The process requires four sequential steps: (1) macro assessment — reading the economic cycle phase and identifying which sector characteristics benefit from that environment; (2) sector selection — ranking all 11 GICS sectors by RS and filtering against macro signals to identify 3-4 overweights; (3) industry selection — within the favored sectors, identifying the 1-3 GICS industries with the best KPI trends and competitive dynamics; (4) stock selection — applying fundamental screening and individual company analysis within the selected industries. A monthly review cadence maintains the allocation and catches when macro or RS signals change.
Key Takeaways
- Macro first, stock last: Committing to macro and sector decisions before looking at individual stocks prevents confirmation bias, where you fall in love with a stock and rationalize a sector view backward.

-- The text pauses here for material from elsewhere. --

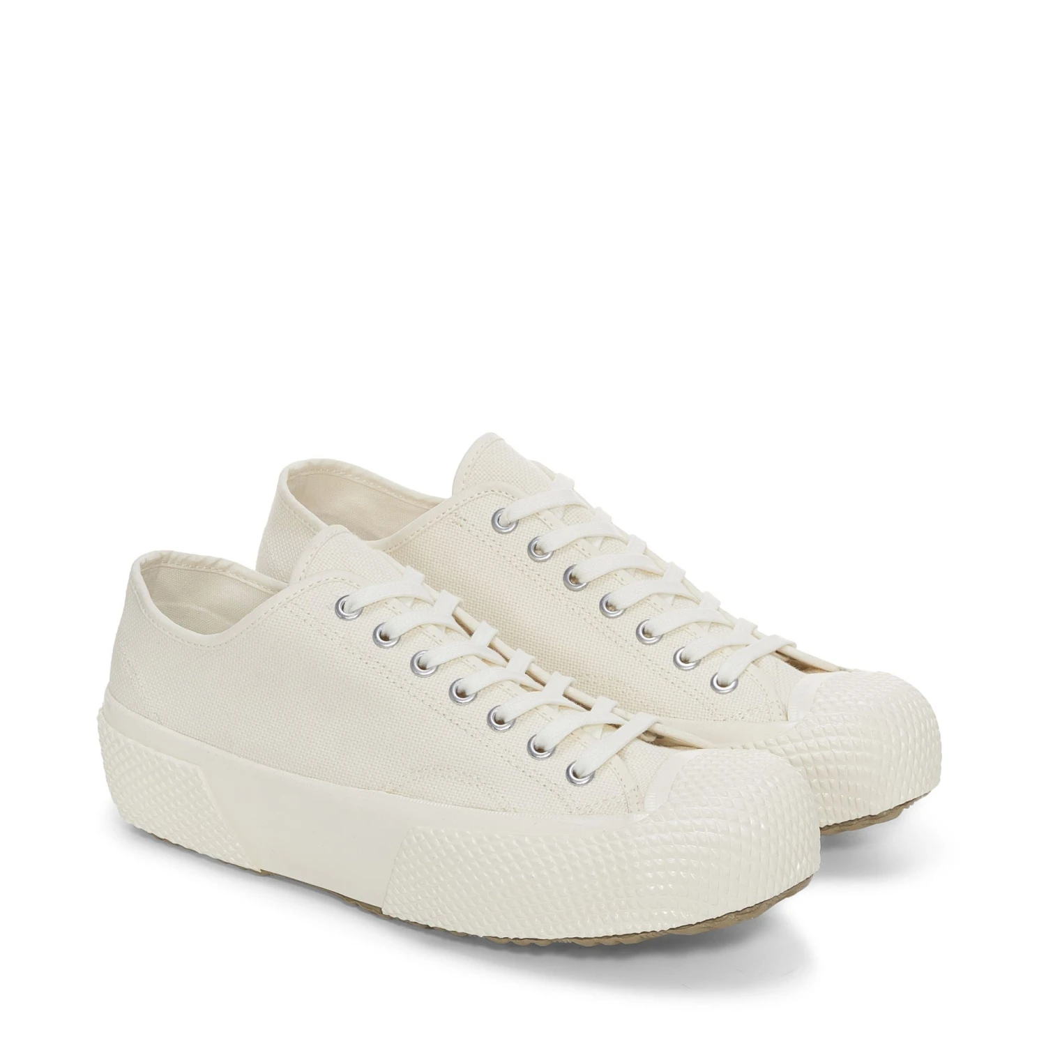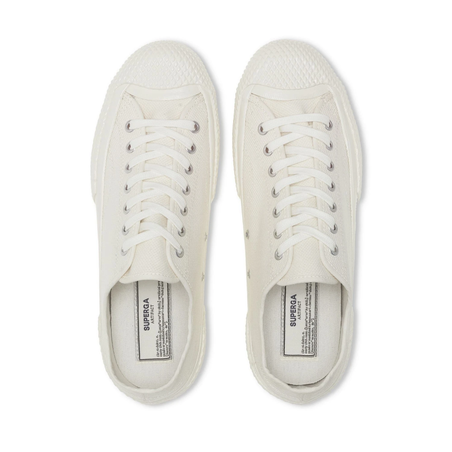 The Artifact collection reinterprets and elevates Superga’s heritage details, adding new functionalities and providing each sneaker with an authentic look. Mil Spec is the military-inspired line with archival industrial references, such as the calendar outsole that recalls work boots produced by Superga in the 1950s. This low-top model stands out with a breathable cotton canvas upper, a diamond-textured bumper, and a rubber toecap.

- Combine macro and RS signals: Sectors with both favorable macro rationale and strong relative strength are higher-conviction overweights than sectors with only one signal in their favor.
- Limit active overweights to 3-4 sectors: More than 4 overweights dilute the conviction signal; fewer than 3 create excessive sector concentration risk.
- Industry selection within favored sectors narrows further: Within a favored sector, not all industries perform equally. Identify the 1-3 sub-industries with leading KPI trends before selecting stocks.
- Document every decision with its rationale: A written record of why each allocation was made, and what would change it, creates accountability and allows post-hoc review of what worked.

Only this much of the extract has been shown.